Volant dans le ciel noir de la nuit, je me dirige machinalement vers la plage où j'avais l'habitude de me réfugier. Dans cet arbre, exactement. Celui qui m'a toujours accueilli dans ses branches, celui dans lequel je rangeais mes affaires, là où je regardais la mer pendant des heures, seule, espérant vainement le retour de Léo.
C'est aussi là où je pleurais, enfant, lorsque les autres gosses m'embêtaient.
Et aujourd'hui, je m'y pose parce que je n'arrive à rien. Le doute m'oppresse a tel point qu'il surpasse ma tristesse. Je suis revenue sur cette île parce que mon père est mort, parce que ma mère est seule. Mais la vérité est là : j'ai peur. Je suis tétanisée à l'idée de sa réaction.
Et j'ai honte. Pour la première fois en deux ans, j'ai honte de ce que je suis devenue. J'ai honte de ce que j'ai accomplie.
Du vent, des méfaits.
Une Pirate. Une criminelle.
J'ai tué des gens, sans aucun remord. J'ai imposé mes idées, j'ai été égoïste. Et j'ai été heureuse avec tout ça. Et tandis que je faisais régner ma propre loi, mon père mourrait. Tandis que je nageais dans l’opulence, ma mère dépérissait. Posée sur l'enchevêtrement de branches qui m'a toujours soutenue, roulée dans ma couverture, je regarde cette mer que j'ai tant regardée. Le va et vient des vagues m'apaise, m'aide à réfléchir.
Lorsque j'ai appris que Tahar était mon père, j'ai commencé à pendre son nom. J'en étais fière en quelque sorte, je voulais, par ce geste, lui montrer que je l'acceptais tel qu'il était. Quand il est venu me sauvé sur Stymphale, j'ai vraiment pensé que cette fois, plus rien ne nous séparerait.
Et puis, il a failli me tuer.
Et je l'ai cru mort.
Doucement, j'ai commencé à l'oublier, oublier la signification de ce "Tahgel" que j'arborais. Et quand j'ai appris pour Géralt, j'ai voulu revenir en arrière. Remettre ce nom "Sélindé" en avant pour faire savoir au monde que j'étais fière d'être la fille de ce forgeron et de cette cuisinière. La fille de ce petit couple jugé quelconque par n'importe qui.
Mais maintenant, je comprends que ce n'est pas la chose à faire.
Par ce nom que j'ai diffusé de part le monde, que j'ai fait associé à la piraterie, j'ai causé du tort à mes parents. Et maintenant mon père est mort.

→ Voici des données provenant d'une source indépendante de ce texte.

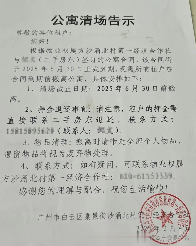 目前,该栋公寓楼权属方沙涌北村第一经济社合作社承诺让租户们免租居住两个月。后续,当地街道办将协调做好租户的安置工作,并协助租户维权。
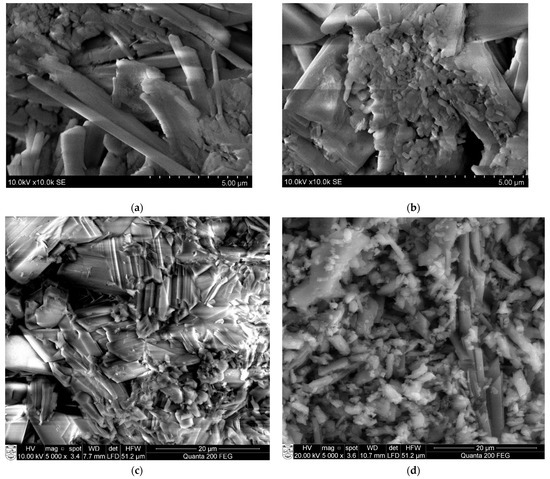 Microstructure of hydrated building gypsum (a,b) and phosphogypsum (c,d) samples: (a,c) sample without additive; and (b,d) sample with the addition of sodium sulphate (Na2SO4).

Je dois protéger ma mère de mes choix. Plus jamais je ne devrai la revoir.
Plus jamais je ne.
Des bruits de pas coupe ma pensée. A quelques mètres en dessous de moi, une lumière brille au milieu de la nuit. Marchant dans la faible couche de neige fraîche, Malia s'approche. Paniquée par sa présence, je déploie mes pouvoirs météorologique et crée de l'air chaud autour de moi pour me rendre invisible au milieu des branches. Cette technique demande quelques minutes de mise en place, et Malia se rapproche vite. Mon cœur bat à cent à l'heure, j'ai l'impression qu'il va explosé. De la sueur perle sur mon front, elle ne doit pas me voir.
Je ne veux pas qu'elle me voit.
La voila enfin au pied du tronc. Pendant une seconde, je bloque ma respiration, les yeux fermées, crispée au plus haut point, j'attends le verdict. Les secondes s'enchaînent, chacune me donnant l'impression d'une éternité.
Et finalement la neige crisse sous les mouvements de Malia. Relâchant la pression sous son silence prolongé, je regarde ce qu'elle fait : elle s'est assise au pied de l'arbre et son regard fixe les vagues.
J'ai bien cru qu'elle était revenue cette fois, tu sais.
Intriguée, je remarque qu'elle tient dans ses mains son pendentif ou se trouve toujours la photo de mon père.
Au moins, elle n'a pas redisparue... On parlait encore d'elle dans les journaux récemment.
Je me pince les lèvres, la honte m'envahissant de nouveau. Sur le chemin, j'ai détruit un navire de la transliéenne et par cette acte ma prime a encore été augmentée...
Je me demande ce qu'elle fait en ce moment...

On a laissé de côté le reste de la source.